November 14 is World Diabetes Day, and November is American Diabetes Month.
During the global coronavirus pandemic, racial and ethnic minorities with diabetes and multiple chronic conditions had a difficult time accessing routine care. John M. Clements, assistant professor of public health in the College of Human Medicine, looks at three time periods during the pandemic to better understand trends in care, inform an equitable public health response, and improve access to care.
According to the International Diabetes Federation, approximately 537 million adults worldwide were living with diabetes, with 6.7 million deaths worldwide attributed to diabetes in 2021. Diabetes is one of the top 10 leading causes of death in the United States.
During the first year of the COVID-19 pandemic in the U.S., the mortality rate from diabetes rose by about 13.8%, while in the State of Michigan, the mortality rate rose by 18.5%, an increase higher than any other chronic disease that is a leading cause of death.
Some of my previous research shows that over 30% of Medicare beneficiaries that are over 65 in the State of Michigan have type 2 diabetes. But most people with diabetes never have diabetes alone. My research focuses on multiple chronic conditions (MCC), and I consider the leading chronic causes of death in people with diabetes and how these combinations of illnesses affect outcomes.
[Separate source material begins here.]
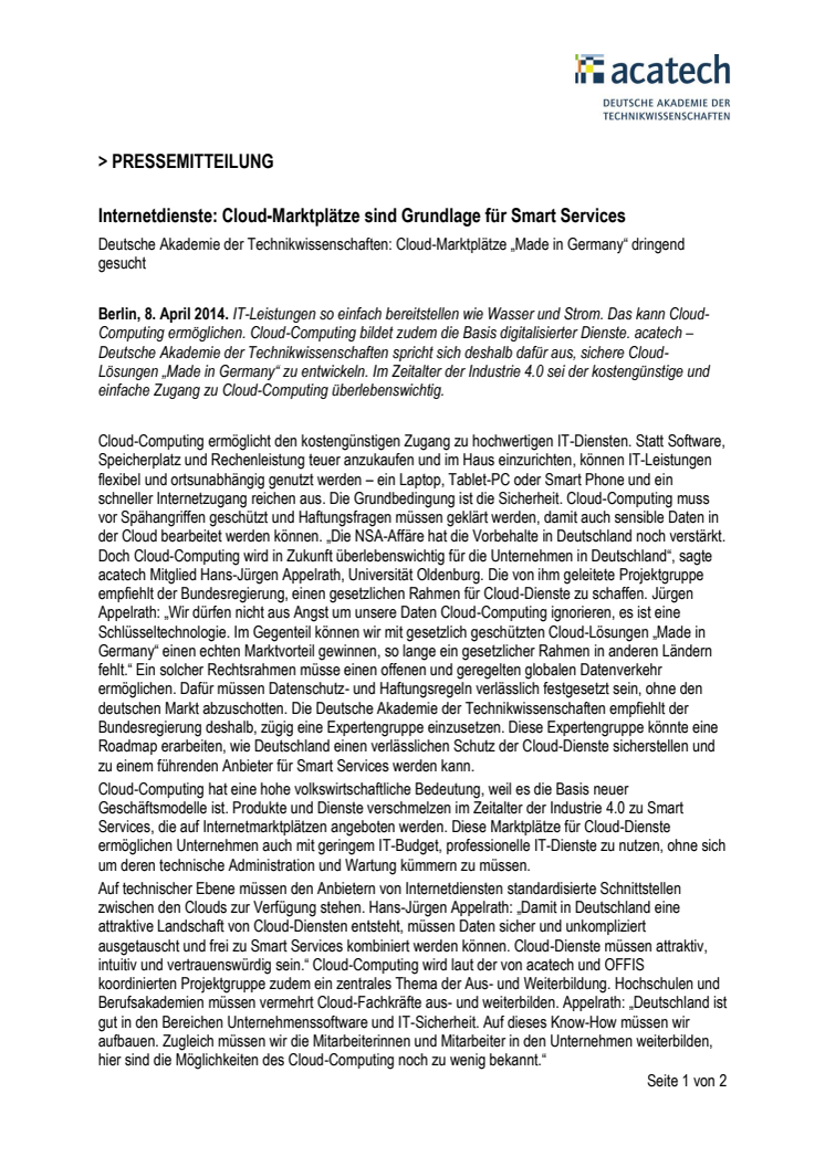 IT-Leistungen so einfach bereitstellen wie Wasser und Strom. Das kann Cloud-Computing ermöglichen. Cloud-Computing bildet zudem die Basis digitalisierter Dienste. acatech spricht sich deshalb dafür aus, sichere Cloud-Lösungen „Made in Germany“ zu entwickeln. Im Zeitalter der Industrie 4.0 sei der kostengünstige und einfache Zugang zu Cloud-Computing überlebenswichtig.

I found that there are disparities in access to care measures in people with combinations of chronic diseases compared to people with diabetes alone. In addition, racial and ethnic minorities experience:
- higher risk for having more chronic conditions
- lower risk of accessing primary care prevention services
- higher risk of using the emergency department
- greater costs for inpatient care
In an article published in The Journal of Diabetes and its Complications, I used data from COVID-19 Supplements of Medicare Current Beneficiary Surveys administered in the summer and fall of 2020 and winter of 2021. I found that from March 2020 through March 2021 (reflecting the first year of the pandemic in the U.S.) Medicare beneficiaries with diabetes plus various MCC combinations report being unable to get necessary medical care compared to beneficiaries with diabetes alone.
Many hospitals and physician offices closed early in the pandemic, and many people could not get needed medical care. However, even after physician offices opened again, some beneficiaries were still unable to get care a year later. For instance, beneficiaries with diabetes plus cancer or diabetes plus cancer/stroke reported higher rates of being unable to access care than those with diabetes alone. At the one-year mark, beneficiaries with diabetes plus COPD, diabetes plus stroke, or diabetes plus Alzheimer’s reported higher rates of being unable to get treatment for an ongoing condition. Finally, beneficiaries with diabetes plus Alzheimer’s reported higher rates of being unable to get a regular check-up 12 months into the pandemic.
Members of racial/ethnic minority groups reported higher rates of being unable to obtain services at various times during the pandemic compared to non-Hispanic Whites. Non-Hispanic Blacks and Hispanics continued to experience these higher rates 12 months into the global pandemic.
The inability to access care may explain the significant increase in diabetes mortality in the first year of the pandemic. This research provides evidence that the systems in place continue to disadvantage certain groups in the U.S. and that work remains for providers and public health systems to dismantle and reimagine systems that ultimately provide equitable access to care.
John M. Clements, PhD, is a quantitative sociologist by training with an additional specialization in environmental science and policy. His recent research focuses on health outcomes and disparities in people with diabetes and multiple chronic conditions. He is currently working to shed light on how COVID-19 influenced the course of disease for people with diabetes, focusing on disparities in outcomes that are related to race and combinations of chronic disease, as well as how rural experiences shape disease progression and access to care.